/check_vmware_esx

chech_vmware_esx Fork of check_vmware_api.pl

Primary LanguagePerlGNU General Public License v2.0GPL-2.0

check_vmware_esx.pl
===================

chech_vmware_esx.pl - a fork of check_vmware_api.pl


General
=======

Why a fork? According to my personal unterstanding Nagios, Icingia etc. are tools for

a) Monitoring and alarming. That means checking values against thresholds (internal or handed over)
b) Collecting performance data. These data, collected with the checks, like network traffic, cpu usage or so should be
   interpretable without a lot of other data.

Athough check_vmware_api.pl is a great plugin it suffers from various things.
a) It acts as a monitoring plugin for Nagios etc.
b) It acts a more comfortable commandline interfacescript.
c) It collects all a lot of historical data to have all informations in one interface.

While a) is ok b) and c) needs to be discussed. b) was necessary when you had only the Windows GUI and working on Linux
meant "No interface". this is obsolete now with the new webgui.

c) will be better used by using the webgui because historical data (in most situations) means adjusted data. Most of these
collected data is not feasible for alerting but for analysing performance gaps.

So as a conclusion collecting historic performance data collected by a monitored system should not be done using Nagios,
pnp4nagios etc.. It should be interpreted with the approriate admin tools of the relevant system. For vmware it means use
the (web)client for this and not Nagios. Same for performance counters not self explaining.

Example:
Monitoring swapped memory of a vmware guest system seems to makes sense. But on the second look it doesn't because on Nagios
you do not have the surrounding conditions in one view like
- the number of the running guest systems on the vmware server.
- the swap every guest system needs
- the total space allocated for all systems
- swap/memory usage of the hostcheck_vmware_esx.pl
- and a lot more

So monitoring memory of a host makes sense but the same for the guest via vmtools makes only a limited sense.

But this were only a few problems.

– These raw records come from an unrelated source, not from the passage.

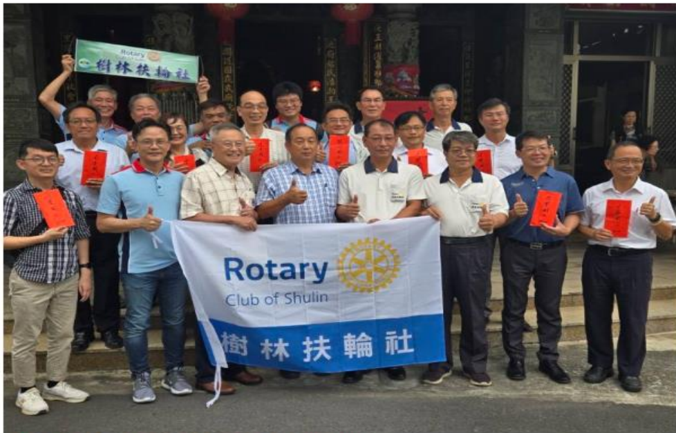
佳里池安宮連續20年捐贈獎學金幫助學童

【記者田進山／台南報導】佳里區玉勅池安宮座落在佳里區忠孝東路上，主祀神尊為池府千歲及文昌帝君。基地規模不大，但在六安里東勢角及各地信眾的護持下，與歷任主任委員用心經營願務，辦理多元的社會服務，委監成員團結和諧，幫助民眾排難解疑，深得地方的敬重與肯定，曾榮獲台南市政府獎勵之宗教團體參與社會服務績優社團，榮獲市長頒贈獎狀，以資鼓勵。
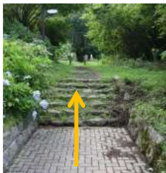
⑥建物を左手に見ながら直進し、 石段を登ると草むらに入る。
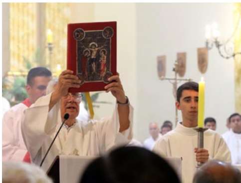
Presentación del crisma.
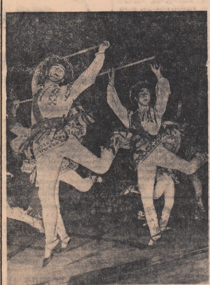
Dansul călușarilor în interpe țarea Ansamblului „Ciocirlia”
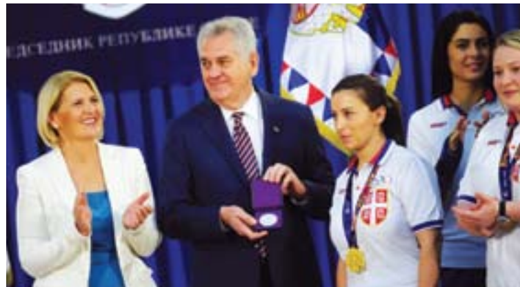
Председник Николић, у друштву супруге Драгице, са освајачима медаља на првим Европским олимпијским играма у Баку
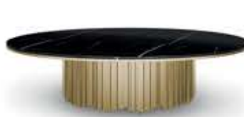
EMPIRE III BIG エンパイア III ビッグ センターテーブル

材質： 真鍮・大理石 標準仕上げ： 真鍮（鏡面仕上げ） ネロマルキーナ（大理石） 寸法： 幅120cm、奥行174cm、高さ50cm 重量： 110kg
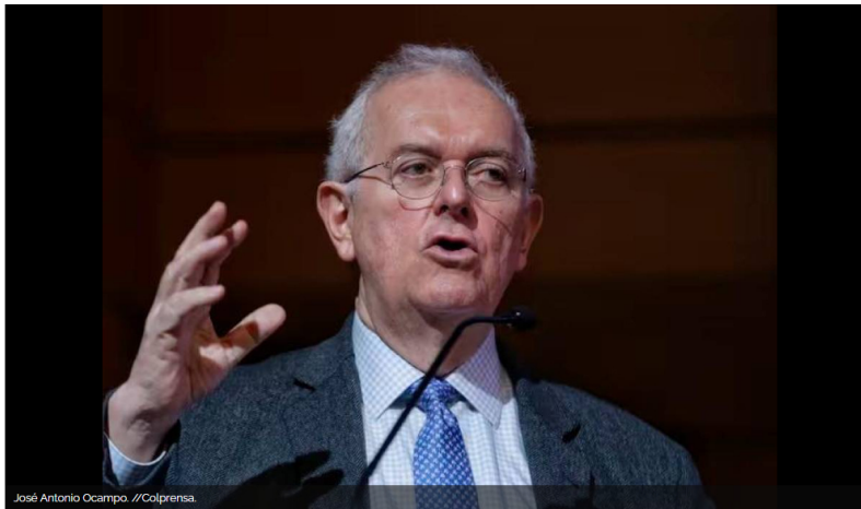
José Antonio Ocampo.

De acuerdo con José Antonio Ocampo, exministro de Hacienda, la caída en las utilidades de Ecopetrol era previsible y no representa una alarma.
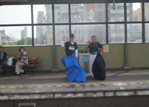
中村、井上君は予讃線瀬戸大橋線経由で帰京
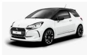
Blanc Banquise / Noir Onyx
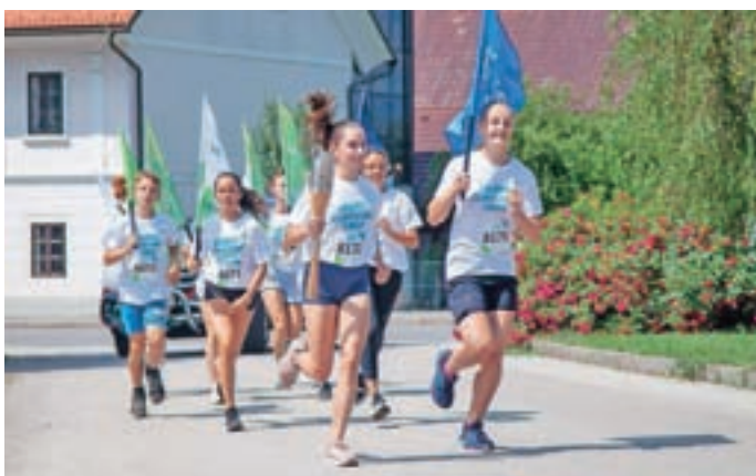
Zadnji del teka štafete z baklo skozi Cerklje

lesovo, Ženskega nogometnega kluba Cerklje, Rokometnega kluba Cerklje, predstavniki in učenci Osnovne šole Davorina Jenka Cerklje, otroci Vrtca Murenčki, člani Društva upokojenec Cerklje in Športnega društva Lipa Cerklje.
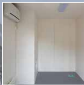
Nisje for utedel AC med luke for inspeksjon AC utedel.
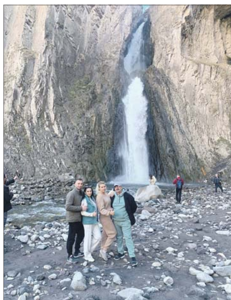
Медовые и жемчужные водопады очаровали туристов из Шахта и Волгодонска.

В 16 километрах от Кисловодска, в Карачаево-Черкессии находится еще одна удивительная достопримечательность этого чудесного края — Медовые водопады. Расположены они в долине неболь-
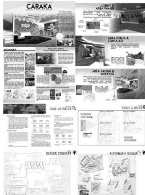
Gambar 4.3 Berkas desain Lauren (P3)
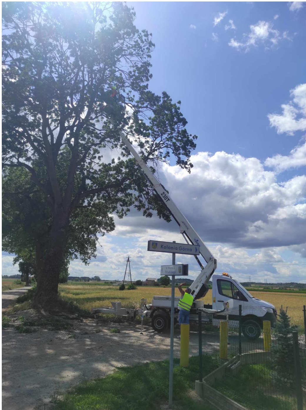
Zdjęcie nr 27 – Przcycinanie konarów drzew na terenie gminy Elk.

Spółka w 2023 r. podpisała umowę o leasing operacyjny na nowy podnośnik koszowy tzw. zwyżkę o wysokości podnośnika 23 m i udźwigu 230 kg, podnośnik umiejscowiony jest na samochodzie marki Mercedes. Tego typu sprzęt jest niezbędny przy pracach związanych z bieżącym utrzymaniem zieleni, ale również m.in. przy utrzymaniu czystości lamp ulicznych, pracach konserwatorskich na budynkach.
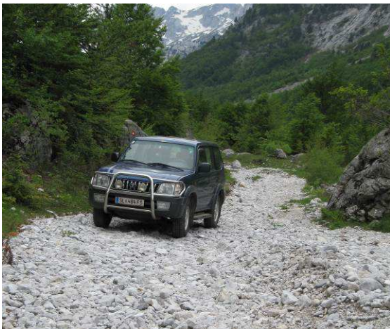
Abbildung 21: Ende der befahrbaren Strecke auf etwa 1100m. Aus dem Schotterweg wird ein Bachbett.

Auf etwa 1100m endet der Schotterweg auf dieser malerischen Hochebene. Ein Weiterkommen mit dem Auto war nicht mehr möglich. Nach etwa 3 Stunden Aufstieg zu Fuss erreiche ich diese Almwiese auf etwa 1400m.
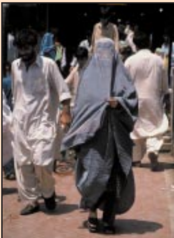
Tradiční oděv paštúnských žen

Ačkoliv je v této svaté knize napsáno, že muž i žena jsou si před Bohem rovni, v realitě jsou si muži v lecčems daleko rovnější. Pro valnou většinu tradičně smýšlejících muslimských žen je zcela nemožné, aby se jakkoliv podílely na veřejném životě. Ženy vládnou světu za uzavřenými dveřmi svých domů a bytů, kde se starají o rodinu a domácnost. Zejména v severozápadních teritoriích pokud žena vyjde do ulic, musí mít s sebou jako doprovod svého manžela nebo bratra a je zahalena v tzv. burkách (speciální oděv zahalující celou po-
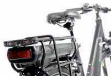
Auffällig: Die im Gepäckträger-Ende integrierte Rückleuchte bildet ein Lichtband
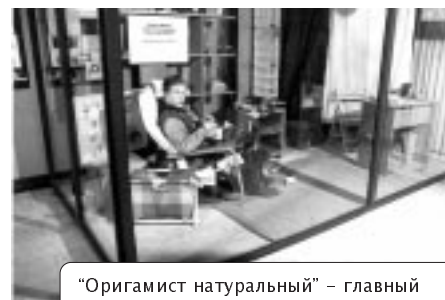
"Оригамист натуральный" – главный "экспонат" второй международной выставки оригами (май, 2001)

П р и определённых обстоятельствах этот весьма перспективный молодой человек (Пашке 17 лет) может стать российским Питером Будаи (инициалы совпадают!), чего я ему от души желаю.
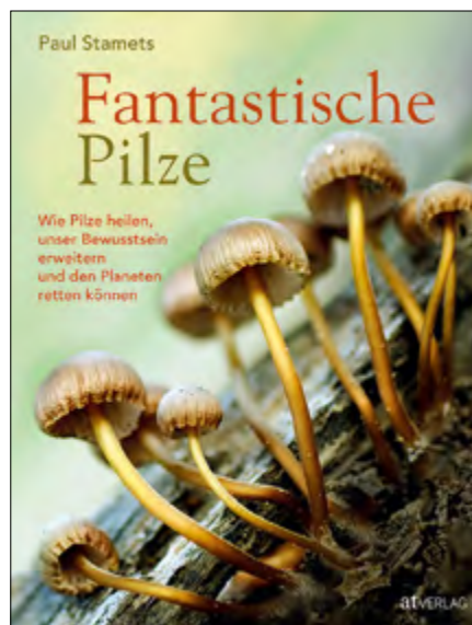
Paul Stamets, Fantastische Pilze , Wie Pilze heilen, unser Bewusstsein erweitern und den Planeten retten, 184 Seiten, gebunden, mit Fadenheftung, viele farbige Fotos, Format: 20 cm x 26 cm € 29,00 Art.Nr. 5408

Ein visionäres Lesebuch über das fantastische Phänomen Pilze mit atemberaubenden Nahaufnahmen und vielfältigen Beiträgen renommierter Expert:innen.
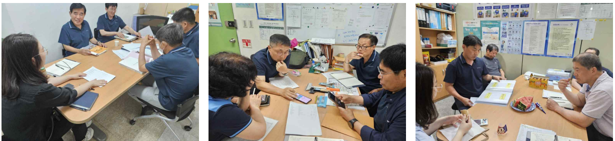
<재고관리시스템 현장 안정화를 위한 실무협약>
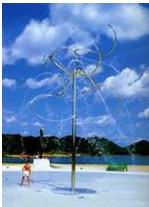
„Baum des Wassers“ in der Präfektur Hyogo

Ausgestattet mit Helm und Sicherheitsgurt war er für einige Zeit dort tätig und lernte dabei, nach dem vergleichsweise lockeren Leben in Rom, Disziplin und neue Prinzipien kennen.
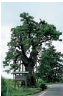
西の原にある樹齢400年の『定め松』
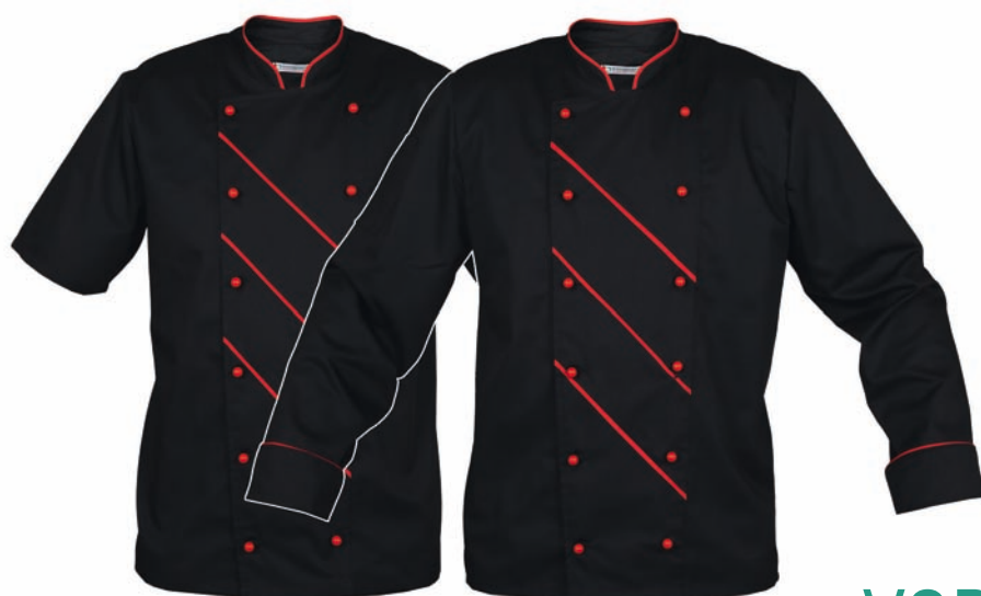
Dessin 052/004 65% PE | 35% BW

1/2 Arm mit Paspel am Kragen und im Frontbereich, Ärmeltasche, Knöpfe nicht im Lieferumfang enthalten, Größen: 46 – 64

Furthermore we had

- misleading descriptions
- things monitored for hosts but not for vmware servers
- a lot of absolutely unnesseary performance data (who needs a performane graph for uptime?)
- unnessessary output (CPU usage in Mhz for example)
- and a lot more.

This plugin is old and big and cluttered like the room of my little son.  So it was time for some house cleaning.
I try to clean up the code of every routine, change things and will try to ease maintenance of the code.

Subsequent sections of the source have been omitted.